=== PROVIDED INFORMATION ===
——————
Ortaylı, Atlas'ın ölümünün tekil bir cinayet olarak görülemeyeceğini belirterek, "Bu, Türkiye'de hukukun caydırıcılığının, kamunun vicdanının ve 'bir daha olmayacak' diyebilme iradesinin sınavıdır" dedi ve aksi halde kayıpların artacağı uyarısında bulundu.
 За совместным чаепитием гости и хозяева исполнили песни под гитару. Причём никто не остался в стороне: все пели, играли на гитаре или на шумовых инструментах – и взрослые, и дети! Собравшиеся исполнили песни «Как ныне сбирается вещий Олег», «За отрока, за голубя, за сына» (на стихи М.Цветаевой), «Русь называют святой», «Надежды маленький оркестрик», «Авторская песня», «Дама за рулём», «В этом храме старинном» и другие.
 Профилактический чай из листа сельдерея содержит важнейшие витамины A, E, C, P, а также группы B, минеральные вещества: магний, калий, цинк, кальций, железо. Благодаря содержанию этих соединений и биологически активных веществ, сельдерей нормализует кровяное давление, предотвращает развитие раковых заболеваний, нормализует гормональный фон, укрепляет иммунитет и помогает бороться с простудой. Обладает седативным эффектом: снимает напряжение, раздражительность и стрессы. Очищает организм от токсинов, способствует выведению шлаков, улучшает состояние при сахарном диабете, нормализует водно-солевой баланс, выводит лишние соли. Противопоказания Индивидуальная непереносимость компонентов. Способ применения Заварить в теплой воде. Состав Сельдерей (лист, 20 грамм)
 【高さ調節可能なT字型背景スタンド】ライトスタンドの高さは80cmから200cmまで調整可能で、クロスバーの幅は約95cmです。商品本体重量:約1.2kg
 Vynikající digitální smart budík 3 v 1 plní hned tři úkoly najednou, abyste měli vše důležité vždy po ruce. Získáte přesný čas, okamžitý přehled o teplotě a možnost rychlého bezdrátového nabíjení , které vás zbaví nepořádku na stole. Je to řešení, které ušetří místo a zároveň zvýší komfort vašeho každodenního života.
——————
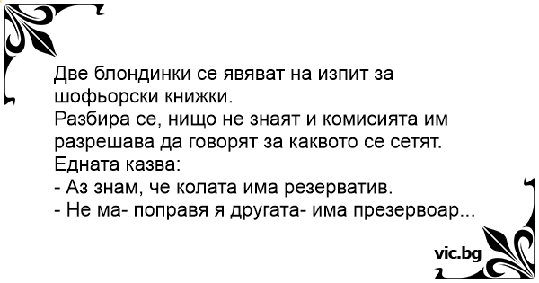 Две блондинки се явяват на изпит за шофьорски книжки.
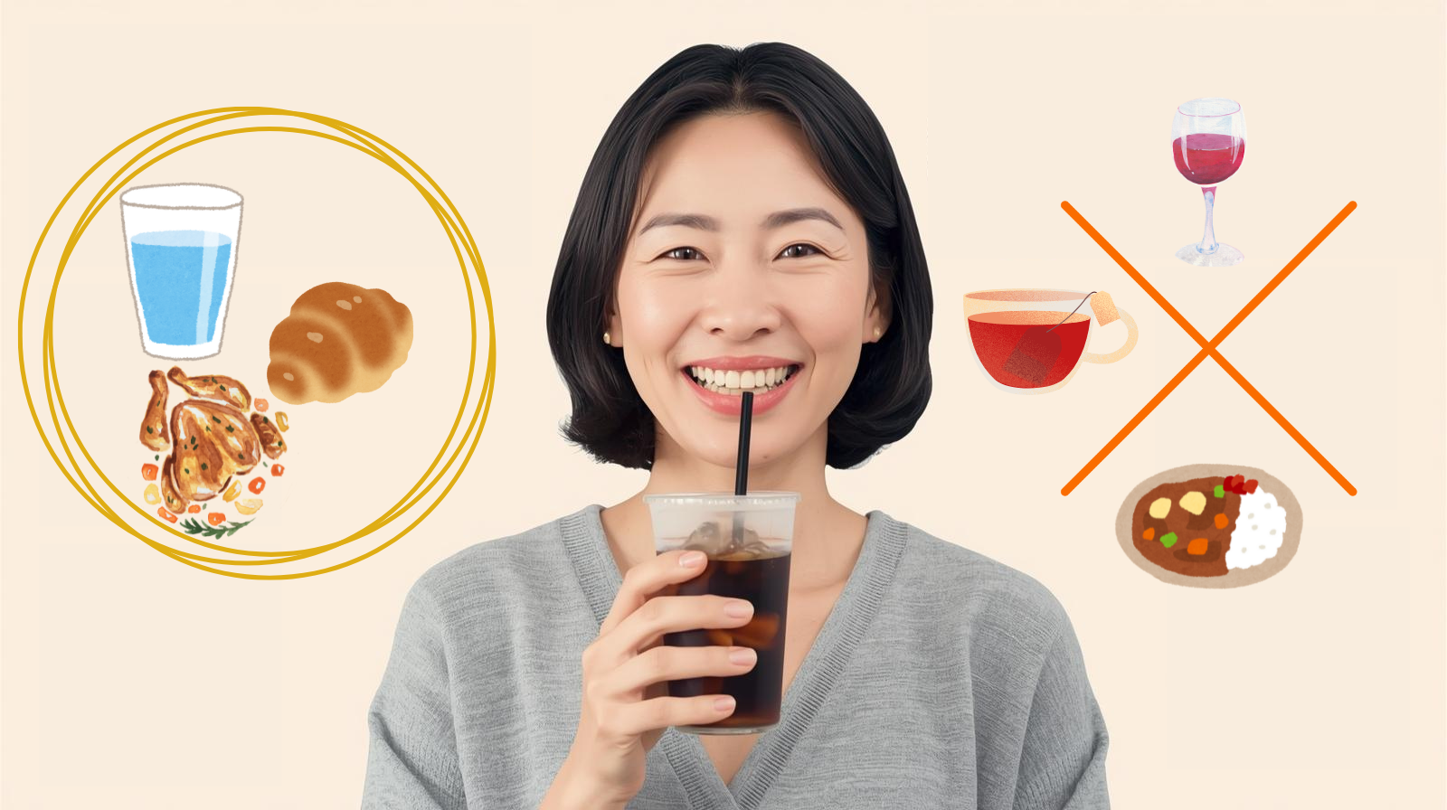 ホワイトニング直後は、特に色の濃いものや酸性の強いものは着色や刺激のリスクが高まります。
——————
=== WORK INSTRUCTIONS ===
Of the entries listed above, reproduce only the lines starting at the line containing "Ortaylı, Atlas'ın ölümünün" and ending at the line containing "За совместным чаепитием". Include both, exactly as they stand.

=== OUTPUT FOR THIS EXERCISE ===
Ortaylı, Atlas'ın ölümünün tekil bir cinayet olarak görülemeyeceğini belirterek, "Bu, Türkiye'de hukukun caydırıcılığının, kamunun vicdanının ve 'bir daha olmayacak' diyebilme iradesinin sınavıdır" dedi ve aksi halde kayıpların artacağı uyarısında bulundu.
 За совместным чаепитием гости и хозяева исполнили песни под гитару. Причём никто не остался в стороне: все пели, играли на гитаре или на шумовых инструментах – и взрослые, и дети! Собравшиеся исполнили песни «Как ныне сбирается вещий Олег», «За отрока, за голубя, за сына» (на стихи М.Цветаевой), «Русь называют святой», «Надежды маленький оркестрик», «Авторская песня», «Дама за рулём», «В этом храме старинном» и другие.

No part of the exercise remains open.